Using AI, computers can do more of the work of monitoring environments, giving guards and operations personnel more bandwidth to focus on higher priority tasks, such as quickly responding to an actual threat. Automating monitoring of these environments also reduces human error.
So, now that AI is helping to define what’s “normal,” it can go to work determining what constitutes a “threat.” Machine learning can be taught to identify an object as something specific based on certain characteristics. This is referred to as “object recognition.” It can be used to identify outliers to the norm – which, in a security context, can be defined as threats.
For instance, in the situation above, security personnel want to be alerted at night if a specific type of figure enters the scene. People obviously qualify as potential threats. Perhaps some large animals or vehicles would be worthy of an alert. Small animals? Birds? Windblown trash? These would be picked up by some sensing systems, but they’re not actual threats. If a computer can be taught to recognize certain objects by their size, shape or specific actions, it can flag threats and filter out benign activity.

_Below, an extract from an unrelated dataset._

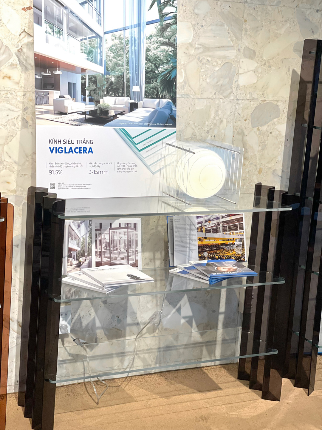 Nhận thấy tiềm năng to lớn của vật liệu mới trong lĩnh vực thiết kế nội thất, Viglacera đã hợp tác cùng Elle Decoration và Kiến trúc sư Nguyễn Đình Hòa để cho ra đời Bộ sưu tập đồ nội thất bằng kính siêu trắng bao gồm các sản phẩm như Bàn Console và kệ WV, bàn phụ Homer, ĐÔN+ Baby Armchair, được thiết kế bởi Kiến trúc sư Nguyễn Đình Hòa với sự tinh tế và sáng tạo, tôn vinh vẻ đẹp nguyên bản của kính siêu trắng.

With the right sensors, when surveying a large crowd of people, guards can determine if a visitor’s bag might contain a threat object and then track that visitor or object. Should that person appear back on the screen without the bag, the computer can search the environment for the item, quickly sending security guards to that specific area and clearing the crowd.
In a security checkpoint scenario, this application drastically reduces the need for hand wanding or physical full-body pat downs as the technology itself can alert guards if someone is carrying an item of interest. Guards can then focus on a subset of people as opposed to screening thousands of visitors or travelers with the same level of rigor – which would improves the visitor experience for all involved.

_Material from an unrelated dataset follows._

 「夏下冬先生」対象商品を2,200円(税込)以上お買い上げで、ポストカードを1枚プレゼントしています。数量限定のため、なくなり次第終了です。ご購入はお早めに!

Tracking a figure based on characteristics is advanced; re-identifying the figure without using facial recognition takes security to a whole new level. This technique, referred to as “object re-identification,” is used to track an individual through multiple fields of view from different cameras. With law enforcement teams often working from blurred and obscured images when identifying a suspect, this emerging capability is extremely promising despite its current limitations.

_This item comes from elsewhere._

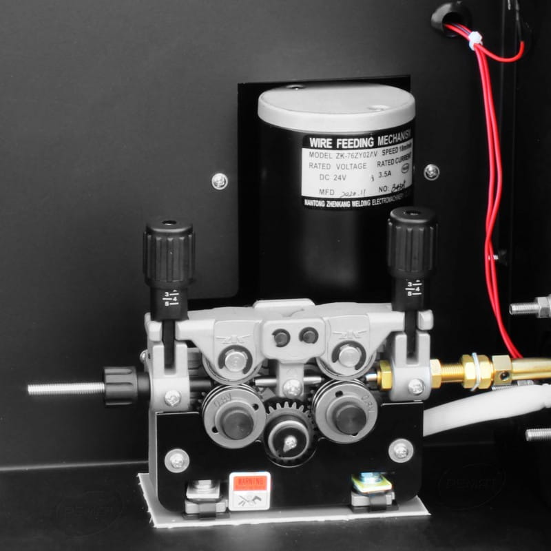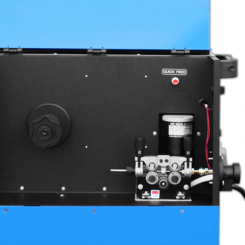 The device is equipped with a professional 4-roll wire feeder, has a smooth adjustment of the welding current and wire feed speed. The easy and quick way to change the welding voltage polarity allows you to weld with self-shielding wire without the use of protective gas.

Being able to track someone or something by its shape, clothing or gait could best be described as a game-changer for security operators. Using AI, law enforcement could, in theory, track a known threat and detain a suspect before he commits an attack. However, performance improvements in faceless detection are still needed as false match rates continue to run high.
AI + IQ
While AI’s adoption is helping organizations and security professionals proactively prepare for future attacks, it can’t do this alone. It has the power to analyze data quickly and identify patterns, but it can’t necessarily determine if these patterns are relevant. AI needs help from the kind of real, grounded intelligence that only humans can provide. Using the combined power of AI and human intelligence, security teams can truly arm themselves to fend off emerging threats.